Disclaimer This edited version has been archived due to the length of time since original publication. It should not be regarded as indicative of the ATO's current views. The law may have changed since original publication, and views in the edited version may also be affected by subsequent precedents and new approaches to the application of the law. You cannot rely on this record in your tax affairs. It is not binding and provides you with no protection (including from any underpaid tax, penalty or interest). In addition, this record is not an authority for the purposes of establishing a reasonably arguable position for you to apply to your own circumstances. For more information on the status of edited versions of private advice and reasons we publish them, see PS LA 2008/4. |
Edited version of your written advice
Authorisation Number: 1013032592663
Date of advice: 16 June 2016
Advice
Subject: Dividends and Part IVA
Question 1
Will the dividend be assessable income of Company D?
Advice
No
Question 2
On the basis there is a tax benefit because the dividend is not assessable income of Company D, will Part IVA apply to cancel the tax benefit?
Advice
No
This advice applies for the following periods:
Income year ending 30 June 2016 and
Income year ending 30 June 2017
The arrangement commences on:
1 July 2015
Relevant facts and circumstances
Your advice is based on the facts stated in the description of the scheme that is set out below. If your circumstances are significantly different from these facts, this advice has no effect and you cannot rely on it. The fact sheet has more information about relying on ATO advice.
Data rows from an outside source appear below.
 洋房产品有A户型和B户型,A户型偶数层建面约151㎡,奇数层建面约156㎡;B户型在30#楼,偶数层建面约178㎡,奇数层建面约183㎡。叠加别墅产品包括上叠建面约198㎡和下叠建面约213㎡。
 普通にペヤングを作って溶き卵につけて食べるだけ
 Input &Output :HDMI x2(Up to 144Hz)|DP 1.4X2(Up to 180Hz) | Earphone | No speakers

Company A is an Australian resident company.
Company B and Company C are both Australian resident companies.
The beneficial owner of Company A (the Individual) is a resident of Australia.
The issued capital of Company A consists of two shares. One share is owned by Company B and the other is owned by Company C. Both these companies hold their Company A share on bare trust for the Individual.
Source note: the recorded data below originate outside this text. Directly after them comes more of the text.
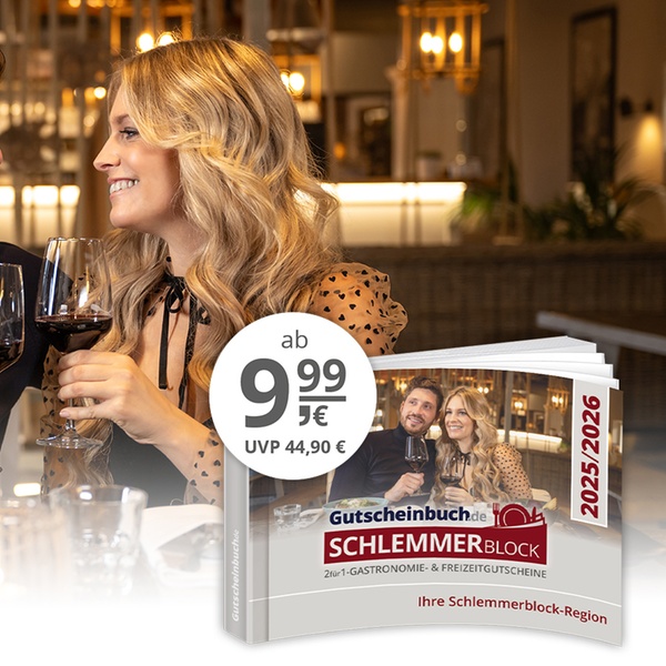Mit dem Gutscheinbuch.de Schlemmerblock 2025/2026 entdeckst du deine Stadt und Region kulinarisch und erlebnisreich neu. Im praktischen Pocketformat bietet er zahlreiche 2-für-1-Gutscheine aus den Bereichen Gastronomie, Freizeit und Wellness – perfekt für alle, die kulinarische Highlights, entspannende Wohlfühlorte und spannende Aktivitäten direkt vor der Haustür erleben möchten.
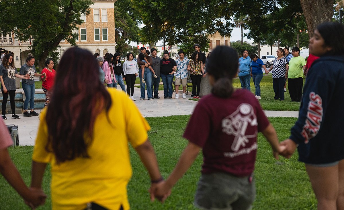 Niños y adultos realizan oraciones por fallecidos en el tiroteo en escuela de Uvalde, Texas. Crédito: Jordan Vonderhaar | Getty Images
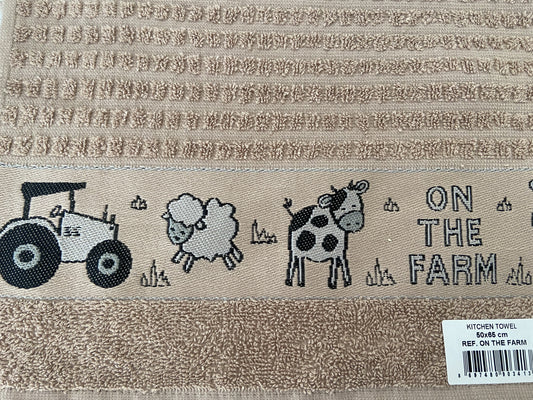 On The Farm Tea Kitchen Towel Latte
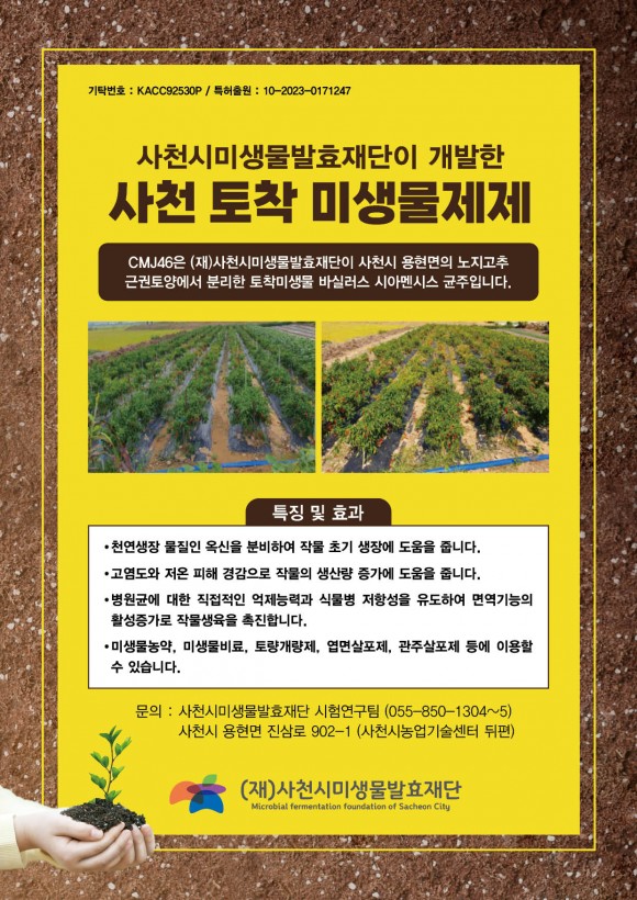‘농업용 미생물제제’ 개발제품은 2023년 용현면의 노지고추 근권토양에서 분리한 토착미생물 CMJ46으로 특허출원을 마친 상태이다.
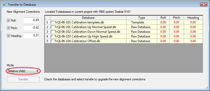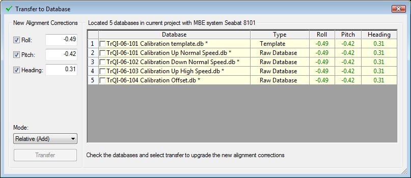 Select the databases that the newly determined corrections need to be transferred to and press the Transfer button.
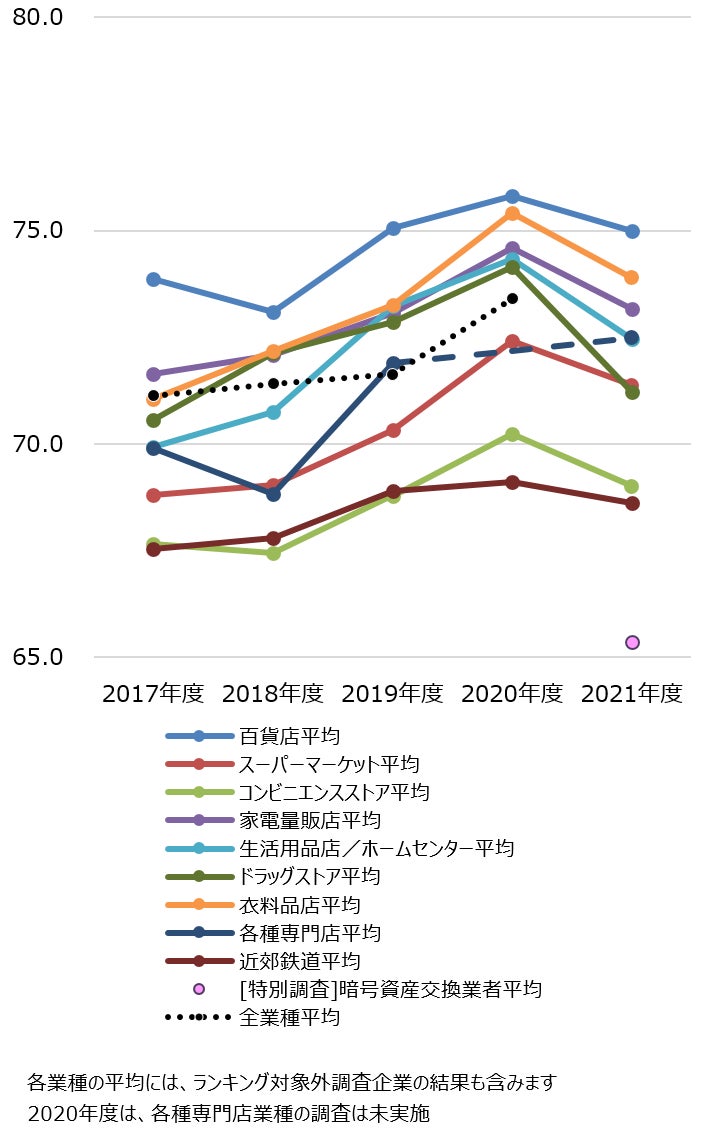 公益財団法人日本生産性本部 サービス産業生産性協議会は2月22日、2021年度JCSI第4回調査として、10業種(百貨店、スーパーマーケット、コンビニエンスストア、家電量販店、生活用品店/ホームセンター、ドラッグストア、衣料品店、各種専門店、近郊鉄道、暗号資産交換業者)の顧客満足度を発表しました。
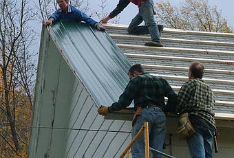Colocación de planchas de metal sobre un techo viejo de casa americana
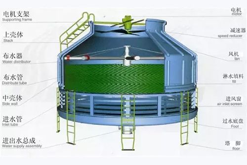冷卻塔原理:冷卻塔是由本體、集水盤、消音毯、蜂窩式散熱片、散水系統、擋水板、冷卻風扇、扶梯等組成。冷卻塔原理:是用需冷卻的水經散水系統散開,蜂窩式散熱片一方面將散水管來的水進一步散均勻,另一方面冷卻風
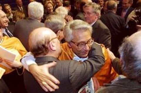 SOLIDARIDAD CON EL PUEBLO PALESTINO. Las imágenes hablan solas. La maquinaria de la guerra de Israel está actuando cual apisonadora en Palestina. Como al poeta, a sus gentes apenas les queda la palabra para seguir resistiendo y pedir auxilio. Mientras la respuesta institucional, tanto de Bruselas y Madrid -José María Aznar es el presidente de turno de la UE- como de Washington, resulta inaudible, los ciudadanos empiezan a impacientarse. En muchas ciudades, Vigo entre ellas, se han celebrado concentraciones. Esta tarde, los vigueses podrán hacer un nuevo ejercicio de solidaridad con Palestina. La cita es a las 20 horas, en Príncipe. Convocan los sindicatos, los partidos políticos -salvo el PP-, la Federación Vecinal y varias asociaciones y colectivos ciudadanos. Dicen los convocantes que es hora de la UE y Naciones Unidas se mojen de una vez. Pues sí, ya es hora. CARTA DESDE RAMALA. El líder de Progresistas vigueses, Manuel Soto, acaba de visitar los campos de refugiados de Tinduf. A través de algunos contactos realizados en ese viaje le ha llegado una carta en la que se explica cómo es la vida en Ramala. Soto nos ha hecho llegar la carta, que firma la directora del Centro Cultural Khalil Sakakini, Adila Laïdi, y en la que, entre otras cuestiones, se recogen los testimonios de varios niños. Alayyan Zayed, de 9 años, explica que no puede salir a jugar a la puerta de su casa. Lema Zayed, de 11, dice que ve como los soldados «nos quitan nuestro país. Nosotros no tenemos nada con que responder». Ahmed Tuqan tiene 7 años y relata que, tras el inicio de la intifada va de una casa a otra. «Cada semana vivimos en una distinta». El testimonio más corto, que no el menos impresionante es el de Sara Atrash. Desde sus 5 años dice «Mama, te amo». La misiva de Adila puede resumirse en una línea del segundo párrafo: «no queremos convertirnos en los Pieles Rojas del mundo árabe. Queremos ser libres en esta tierra, en paz y con dignidad». Eso. CAUSAS Y HONORES. Si los abrazos y apretones de manos se agotasen, los de Julio Fernández Gayoso estarían en la reserva. Y es que fueron cientos los que hubo de repartir a propósito de su doctorado honoris causa. Uno de los más efusivos -a las pruebas de la foto me remito- lo guardó para Manuel Campos Villarino. No sabemos lo que se dijeron, pero hay amores que no necesitan palabras. PADRAZOS. Y hablando de amores, a los que se les cae la baba cuando hablan de los suyos, que no son otros que sus hijas, es a Javier Maté y a Gudelj. Y eso a pesar de que saben que no van a seguir la saga. A Olivia y Caterina, las hijas de Maté, les gusta el tenis, el ciclismo y el ballet; Vanja y Mía, las de Guldelj, aún son pequeñas pero parece que tampoco les tira el fútbol. Ya se sabe, en casa del herrero...
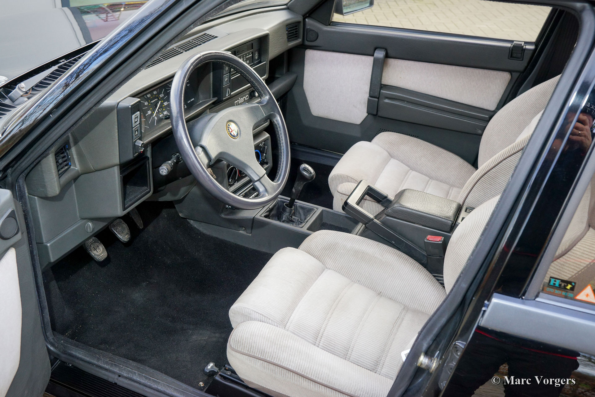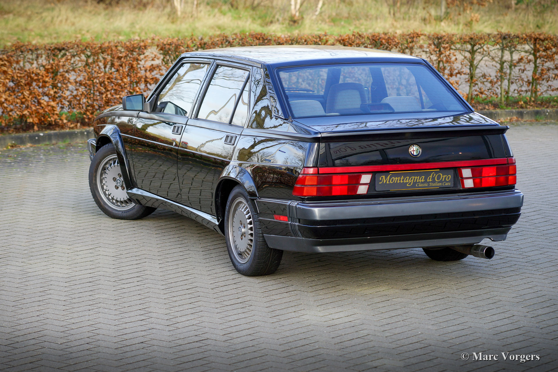 Alfa Romeo 75 2.5 V6 Milano, Baujahr 1986. Farbe schwarz (Nero 601 Doppio Strato) kombiniert mit einem grau/schwarzen Stoffinterieur. Der Alfa Romeo 75 Milano wurde nur auf dem amerikanischen Markt verkauft. Das Milano unterscheidet sich von europäischen Modellen durch seine speziellen Stoßfänger und die serienmäßige Ausstattung mit Luxusoptionen wie elektrisch betriebenen Fenstern rundum und Klimaanlage. Das Milano war von 1986 bis 1989 auf dem US-Markt erhältlich. Das Milano war mit einem 2,5- oder 3,0-Liter-V6-Motor erhältlich. Dieses fantastische Exemplar wurde von D. Spernak „Fuzzy“ von Auto Palace in Pittsburgh (Pennsylvania) verkauft und am 18. September 1986 in den USA zugelassen. Das Auto wurde 1989 in die Niederlande exportiert. In den Niederlanden wurde das Auto von echten Enthusiasten geschätzt, und das Auto hat 130.333 Meilen von neu gefahren. Dieser Alfa 75 Milano befindet sich in einem sehr guten und super originalen Zustand mit nur leichten Gebrauchsspuren. Dieser 75 Milano zeigt alle Originaldetails und das Auto fährt perfekt. Der 2,5-Liter-V6-Motor ist eine wahre Freude, und es klingt beeindruckend! Dieser fantastische Alfa Romeo 75 Milano wird komplett mit allen Originalbüchern geliefert, einschließlich eines ausgefüllten und abgestempelten Servicehefts. Dies ist ein wunderbares und superoriginelles Beispiel für den Alfa Romeo-Enthusiasten!

A new Australian company (for convenience referred to here as 'Company D') will be incorporated, with the Individual owning all the shares.
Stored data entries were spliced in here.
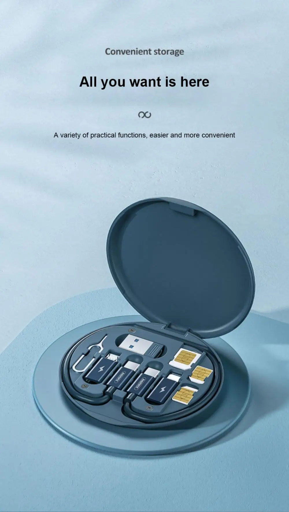 2022 New 60w Fast Charging Multi-function Data Cable Mobile Phone Holder Storage Box With Retrieve Card Pin
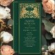 Luta magin i din stora dag! Dessa medeltida fantasi-bröllopsprogram har en regal lejon omgiven av invecklade guld-blommigtar och ett monogram mot en grönt bakgrund, som blandar elegans med en gnutta storhet. En perfekt för din saga firande! Den guld som finns på den här posten är INTE äkta och trycks i platt färg.
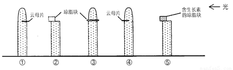 燕麦胚芽鞘进行以下处理,均给予右侧光照射。(云母片透光、不透水)。图中能向右侧弯曲的是![]()
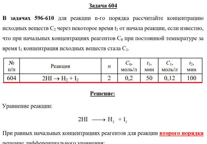 Для студентов по предмету ХимияЗадача 604 - для реакции n-го порядка рассчитайте концентрацию исходных веществ С2 через некоторое время t2 от начала реакции, если известно, что при Задача 604 - для реакции n-го порядка рассчитайте концентрацию исходных веществ С2 через некоторое время t2 от начала реакции, если известно, что при
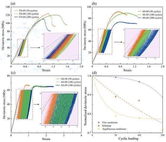 The stress–strain curve of rocks with different cyclic loading. (a) Fine sandstone; (b) Siltstone; (c) Argillaceous sandstone; (d) Variation of deviatoric stress.

Company B, Company C and the Individual will then transfer all of their legal and beneficial interests, as the case may be, in the Company A shares to Company D for their market value. As a consequence, Company D will become the legal and beneficial owner of all the shares in Company A.
Company D and Company A will then form a consolidated group, with Company D as the head company.
Company A will then pay a dividend to Company D.
Company A will then be wound up so that the Individual can bring their overseas activities to complete finality.
Relevant legislative provisions
Income Tax Assessment Act 1997 Section 701-1
Income Tax Assessment Act 1936 Part IVA
Reasons for decision
Question 1
Will the dividend be assessable income of Company D?
The dividend will not be assessable income of Company D because the dividend will be paid within a consolidated group. Such a dividend is treated for tax purposes as if it were a transfer of funds within the one entity (section 701-1 of the ITAA 1997).
Question 2
On the basis there is a tax benefit because the dividend is not assessable income of Company D, will Part IVA apply to cancel the tax benefit?
The relevant scheme can be viewed as consisting of incorporating a new Australian company (Company D) and consolidating it with Company A, where this is arguably unnecessary to achieve any particular economic aim, and paying an intra-group dividend.
In fact the aim of the scheme is to wind up Company A so that the Individual can bring their overseas activities to complete finality - a non-economic aim. The Individual wants to do this without triggering a taxing point. This is a legitimate aim and Part IVA was not designed to impact upon arrangements that have, as their principal aim, an outcome that has nothing to do with tax avoidance or indeed anything to do with tax. There is no requirement that taxpayers always seek to trigger a taxing point when rearranging their affairs.
A possible counterfactual could be Company A pays a dividend to the Individual, or alternatively Company A is simply wound up, in which case some of the final distribution would likely be a dividend to the Individual. However, these are not relevant counterfactuals because they involve moving profits outside a company into the hands of an individual when this is not an immediate aim of the Individual, being the controlling mind of Company A. Such an aim (i.e. moving profits out of a company to an individual) should not be a requirement imposed on a taxpayer by the tax law in order to allow them to simply wind up a company that was originally incorporated in another country.